The tally for the day was 99 species plus two hybrids, a little lower
than our intitial two years of 108 and 102. Two species were new to the
count this year.
Tom Kollasch found a dozen HORNED LARKS on White's Island (upstream
of Puget Island). We'd always suspected that some larks wintered there,
but until this year had been unable to get a boat out there. White's
Island
is one of the few remaining breeding areas for the Streaked Horned Lark in
Washington. Shortly after tallying the larks, Tom, who is a biologist
for the Julia
Butler Hansen Refuge, spent most of the remainder of the count day
trying to fix
the refuge jetboat, leaving a couple thousand acres of refuge unexplored
(too bad!).
The second new species was a CLARK'S GREBE that Mike Patterson foundnear
Aldrich Point.
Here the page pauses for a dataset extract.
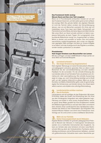 10FOKUS Schulblatt Thurgau 3 | September 2025Das Fundament bleibt analog: Warum Hand und Herz den Takt vorgebenBevor wir in Praxisbeispiele eintauchen, m%u00fcssen wir uns auf das Fundament besinnen, auf dem jedes gute Lernen aufbaut: die analoge Welt. Die gr%u00f6sste Gefahr des digitalen Wandels ist nicht die Technik selbst, sondern die Vernachl%u00e4ssigung dessen, was uns als Menschen ausmacht. Ein Kind, das mit Holzkl%u00f6tzen einen Turm baut, lernt Statik, Schwerkraft und Feinmotorik auf eine Weise, die keine App je vermitteln k%u00f6nnte. Wer einen Brief von Hand schreibt, aktiviert im Gehirn komplexere Netzwerke als beim Tippen. Ein Lerngespr%u00e4ch ohne leuchtende Bildschirme zwingt uns, Augenkontakt zu halten, Mimik zu deuten und ausreden zu lassen. Das sind zutiefst menschliche, soziale Kompetenzen, die in einer von Algorithmen gepr%u00e4gten Welt wichtiger sind denn je. Unsere Aufgabe ist es daher, nicht das Analoge durch das Digitale zu ersetzen, sondern beides symbiotisch zu verweben.Praxisfenster: Vom klugen Ersetzen zum Neuschaffen von LernenMit den Leitfragen und dem SAMR-Modell im Kopf, werfen wir einen Blick auf konkrete Beispiele:Lernstand erfassen: Die kluge Erweiterung (Augmentation)Dank digitaler Werkzeuge ist meine Korrekturarbeit effizienter und p%u00e4dagogisch wirksamer geworden. Dies vor allem in zwei Bereichen: bei der Lernstandserhebung und beim direkten Feedback f%u00fcr die Lernenden. F%u00fcr die schnelle Erfassung des Lernstandes setze ich auf formative Tools wie plickers.com, formative.com oder LearningView.org. Die schnelle Auswertung zeigt mir z%u00fcgig, wer noch Unterst%u00fctzung ben%u00f6tigt und ist Gold wert, um den weiteren Unterricht zu planen. Wenn es um die Korrektur von Mathe-Arbeitsheften geht, nutze ich gerne herby.digital. Die Sch%u00fclerinnen und Sch%u00fcler k%u00f6nnen ihre Arbeit damit selbst scannen und erhalten eine sofortige R%u00fcckmeldung.Lernfortschritte sichtbar machen: Das E-PortfolioLernprozesse sind oft wichtiger als das Endprodukt. Mit einem E-Portfolio halten die Kinder ihre Entwicklung fest. Ein Kind aus dem Kindergarten fotografiert sein selbst gebautes LegoFahrzeug und erkl%u00e4rt in einer kurzen Audioaufnahme, warum es genau diese R%u00e4der gew%u00e4hlt hat. Eine Erstkl%u00e4sslerin erz%u00e4hlt eine Bilderbuchgeschichte vor und nach dem %u00dcben und erkennt beim Anh%u00f6ren ihren Lernfortschritt. Eine Viertkl%u00e4sslerin dokumentiert die Arbeit an ihrer Pr%u00e4sentation: Sie fotografiert ihre handschriftlichen Notizen und nimmt eine Probeversion ihres Vortrags auf. So wird Lernen zu einer erz%u00e4hlbaren Geschichte.Mehr als nur Technik: Echte Chancengleichheit durch DiklusionDigitale Medien entfalten ihr gr%u00f6sstes p%u00e4dagogisches Potenzial im Bereich der Inklusion. In heterogenen Schulklassen werden sie zu kraftvollen Instrumenten des Ausgleichs. So kann ein Sch%u00fcler oder eine Sch%u00fclerin mit einer Lese-Rechtschreib-St%u00f6rung dank der Vorlesefunktion Fachtexte selbstst%u00e4ndig erschliessen und an Diskussionen teilhaben. Jemand mit grafomotorischer Schw%u00e4che kann seine Geschichte per Lebenslanges und selbstgesteuertes Lernen bedeutet auch die Bef%u00e4higung, sich selber erforderliches Wissen aneignen zu k%u00f6nnen. Hier im Rahmen eines projektbasierten Lernsettings im Makerspace.1.2.3.
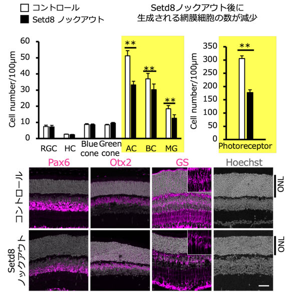 Setd8 遺伝子を時期特異的に欠失させると、本来生成されるはずの網膜細胞の数が減少した。

What would have been a third new species, WILD TURKEY,
appeared
outside the northern edge of the count circle. The introduced turkeys appear
to be established in Wahkiakum County, but not across the river in Clatsop.
With a drier than normal fall, there was less flooding of pastures
throughout the
area, making ducks harder to find. Also noticably absent were loons - we found
few COMMON LOONS this year, and no Pacific or Red-throated Loons. Other
notable
misses this year were Ruddy Duck, Sharp-shinned Hawk and Hutton's Vireo.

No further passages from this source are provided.